Saturday, August 13, 2016

Gang Green "you got it"

Summers were long when I was a teenager.  In the years before cell phones and Internet access you had a lot more time to kill.  Many of our days were spent wandering around passive aggressively searching for friends/stuff to do.  You'd make a phone call in the morning and if you didn't reach anyone you headed out to likely meeting spots and waited to see if anyone else arrived.  While I don't resent this age of technological immediacy I do sometimes miss the simpler times because often on those wandering days you discovered adventure.
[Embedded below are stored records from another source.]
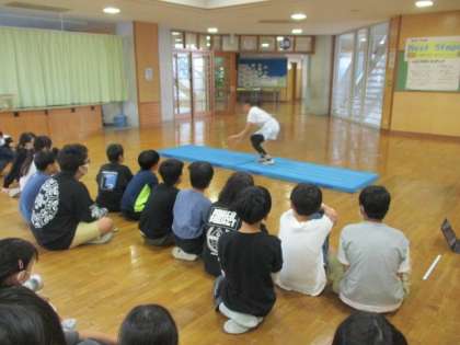 係活動の様子です。得意なマットの技をクラスのみんなに披露しています。難しい技をたくさん披露してくれました!
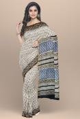 Bagru Kalamkari Buti Hand Block Printed Cotton Zari Saree
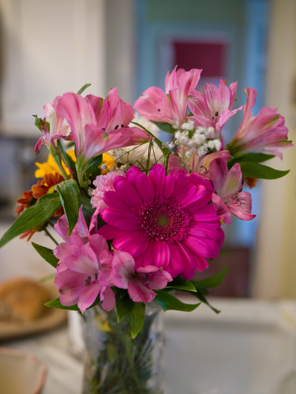 In this photo of my son, the camera had a hard time picking out the face. This is tricky for an eye-detection AF system, but I’ve captured many shots like this and the face detection is more accurate. In both images I’ve set the frame with the paintbrushes between myself and my son to see if the camera would leap onto the brushes. As brightly colored vertical elements, they could easily confuse an AF system, and they did not
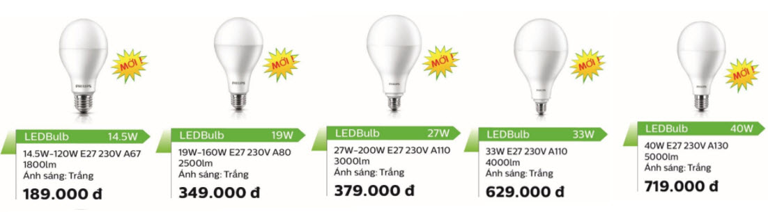 Thông tin sản phẩm bóng đèn Ledbulb Philips siêu sáng 40W 5000Lm 6500K A130
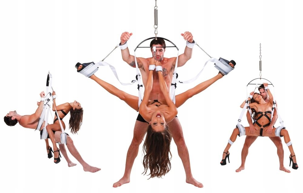 Ta miłosna huśtawka z uchwytami na dłonie i stopy pozwala na wyrafinowane pozycje bez konieczności wykrzywiania się.
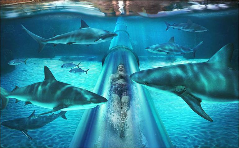 Также в центре будет научный парк, где маленькие посетители смогут найти себе занятие. Незабываемые впечатления ждут и взрослых: например, романтический ужин в океанариуме или даже ночь в обществе акул. Тех, кто очет насладиться пляжным отдыхом посреди зимы, ждет большой песчаный пляж и бассейн, в центре которого будет бассейн с акулами. Центр планируется открыть в 2019 году.
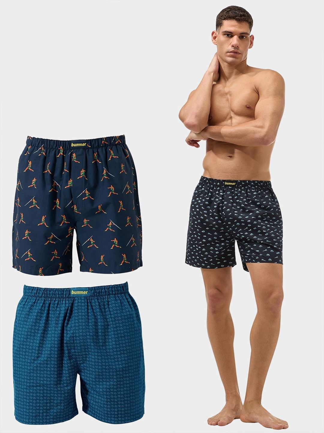 VAN Number: BOGLEJABVRO03Pack of 3 boxersNavy blue printed boxers, has an elasticated waistband with concealed flyTeal-Blue printed boxers, has an elasticated waistband with concealed fly
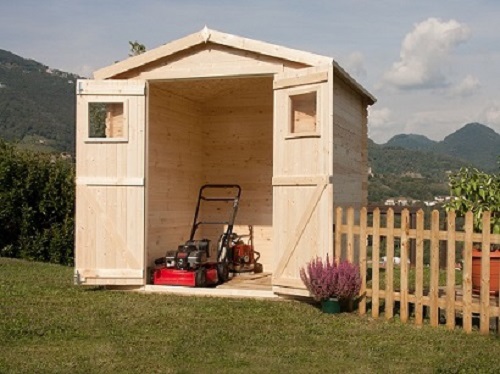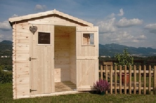 Casetta di legno in Pino grezzo non trattato Superficie Pavimento interna: mq 3,39 Altezza Massima: 200 cm
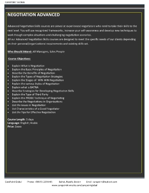 All our Advanced Negotiation Skills courses are designed to meet the specific needs of our clients depending
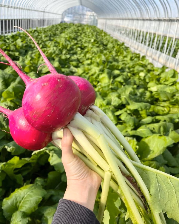 外側の赤い部分はピリリと辛いのですが、中の部分は白色の中にほんのりピンクがかって、見た目がまるで桃🍑のようなかぶなんです!
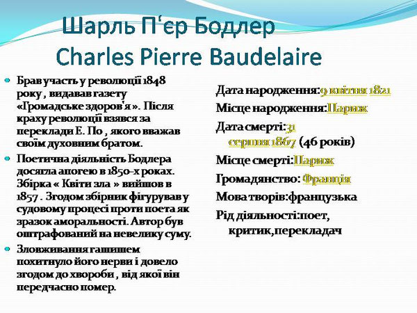 2.Заповніть таблицю "Хронологія життя та творчості Ш. Бодлера".
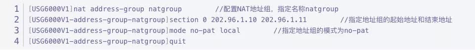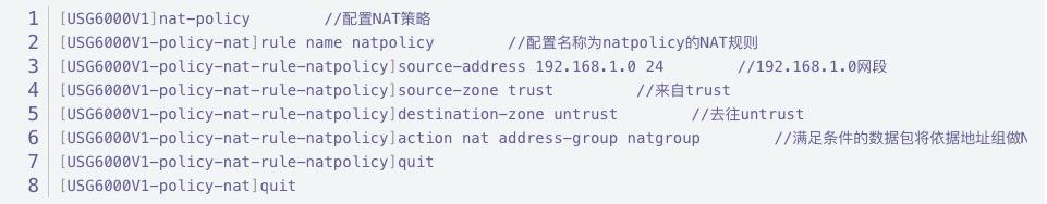 1、NAT No- PAT:类似于Cisco的动态转换,只转换源IP地址不转换端口,属于多对多转换。
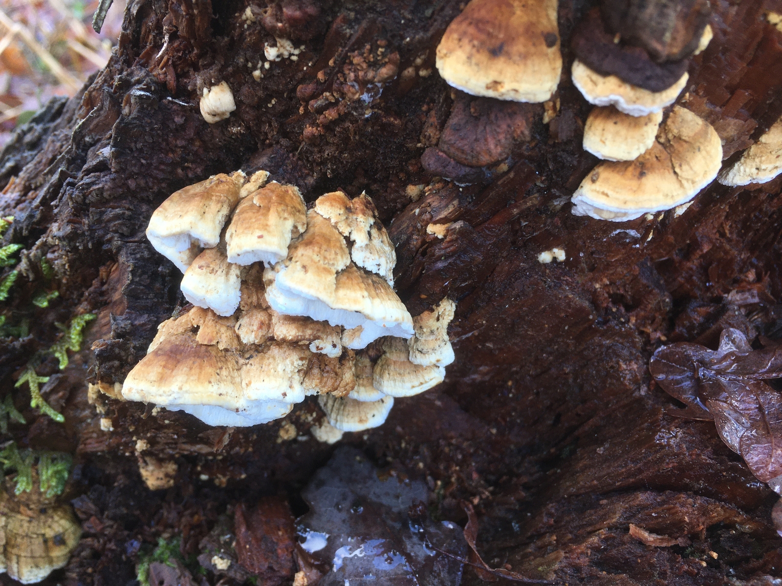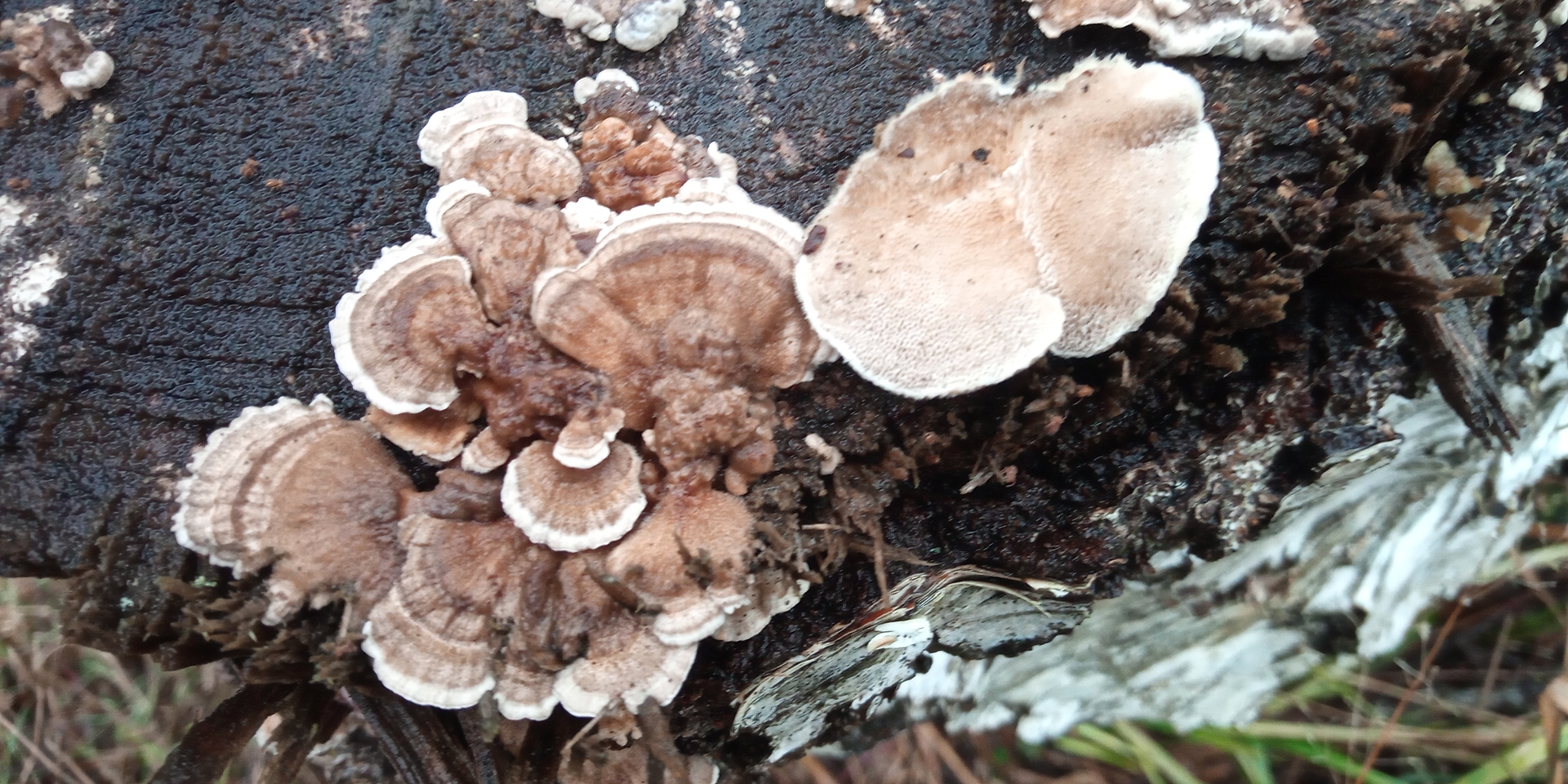 Mit der Gezonten Tramete stehe ich schon lange auf "Kriegsfuß"! Heute meine ich, junge und typische Fruchtkörper auf abgesägter Birke zu sehen. Dicke Anwuchsstelle und innen komplett weiß! Auf Sporenpulver kann ich nur hoffen. Sollte doch passen oder bin ich schon wieder einer Tramete auf dem "Leim" gegangen?

In 1988 if I wanted to see my friends I headed to one of our suburban skate spots. Sometimes I'd carry a boom box and often that summer it would be playing #ganggreen .  I was 17 years old and my friends and I loved drinking as much as we loved skating.  Gang Green provided a great soundtrack for both of those endeavors.  At this point in their career they played a melodic and heavy brand of skate-punk.  With anthemic songs like "LDSB (let's drink some beer)" we ate this shit up.
One day I was waiting around the steps to the junior high where we used to no-comply and acid drop off the ledges. Some of my other friend's turned up soon after and we lazily skated in the heat.  A shitty car pulled up and out stepped a punk rock goddess with a silver fluffy mohawk and asked us what was up.  This legendary creature (who became known in reverence as "Punk Rock Jen") had seen us skating, heard the music and decided we were cool and stopped to talk to us.  She was a few years older than us and had a car.  She was worshipped by my whole crew.  On this, our first meeting, she asked who was playing on the radio, I told her and she said she liked it.  I yanked the cassette out of it's saddle and eagerly offered it to her. She flashed a smile that would have snapped my tony hawk deck in half.  She drove us around looking for our other friends listening to this album.  We found everyone and ended up drinking on "the dykes" (a concrete drainage embankment) and Punk Rock Jen pierced my ear with a filthy safety pin from her clothes.  Those were the days.